Turn on commercial radio or television, and every 15 or 20 minutes, there are advertisements. Open up a magazine, and there are loads of glossy, enticing pages telling humans that they can’t live without this or that product. There are humans ringing up and trying to sell things over the phone. Humans come to the front door with products. Turn on the computer, and advertisements leap off the screen, or answer a text on your mobile and get sucked in to a new wave of “must have” products. The human world has all gone a bit crazy.
Human companies and businesses bombard people every day with a never-ending stream of products and services that they supposedly “have to have.” The latest clothes. Shoes “to die for.” Mobile phones boasting the latest cutting-edge technology. Outrageously delicious, burgers, pizzas, drinks, dream holidays, mattresses, solid oak furniture, sporty cars……….
Virtually every day, humans have to make multiple decisions about whether to go down the road of self-indulgence, or think about the needs of others. And it’s all a very fine balancing act. For example, in UK supermarkets, humans often have to decide about whether to treat themselves to that extra special “something,” or whether to buy an essential item that they can then put into the Food Bank Collection on their way out. And then there’s the other end of the scale. Should someone splash out on a souped-up sports car rather than a conventional model, because it will do their ego and social status no end of good? Even though the extra money spent could have paid for a hundred humans in Africa to have their eyesight restored, or two hundred humans in India to be cured of their Leprosy? Of course, there’s nothing wrong with humans treating themselves to things. Treats are important for morale and well-being. But the danger is when wealth, and possessions, and status all become addictive. So the question for humans is whether it’s important for them to always demand the biggest, the best, the shiniest, the sportiest or the most technically advanced all for themselves? Or is it more important for them to quietly give to charity and to think of others that are less fortunate than themselves because ultimately this will bring them “riches and success” in Heaven?
In Mark chapter 10, verse 25, Jesus says: “It is easier for a camel to go through the eye of a needle than for a rich man to enter the kingdom of God.”

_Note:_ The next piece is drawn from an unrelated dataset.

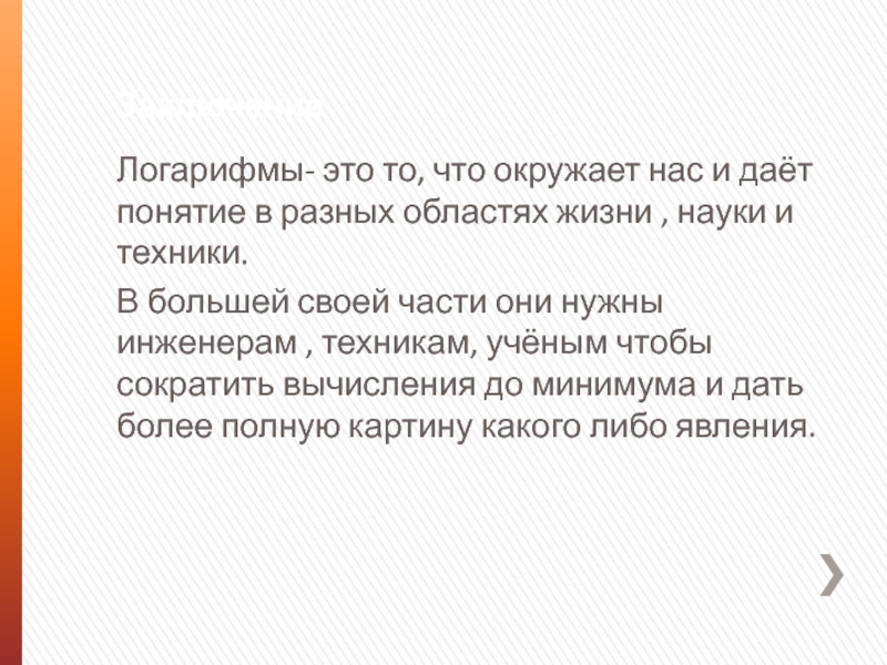 Логарифмы- это то, что окружает нас и даёт понятие в

A little while ago, I saw a piece on my owner’s TV about the Venezuelan leader, President Nicolas Maduro. He was filmed tucking in to a wildly extravagant barbeque with his family in Istanbul, Turkey, while back at home, countless thousands of his people were having to leave Venezuela to avoid starvation. Will he eventually get to Heaven, or will a camel and a needle suddenly appear from nowhere and perform an amazing stunt in front of him?
Humans can never serve two religions. They have to choose between the religion of self-indulgent wealth, status and success, and the Christian message of Jesus which focuses on the entire needs of the world. Just imagine how different the human world would be if everyone in a position of power, wealth and authority, dedicated their lives here on Earth for the benefit of others in society! How much hardship, suffering, and despair would instantly disappear from the face of the Earth? And it’s never too late to make a start.
So who’d like the remnants of my succulent chilli?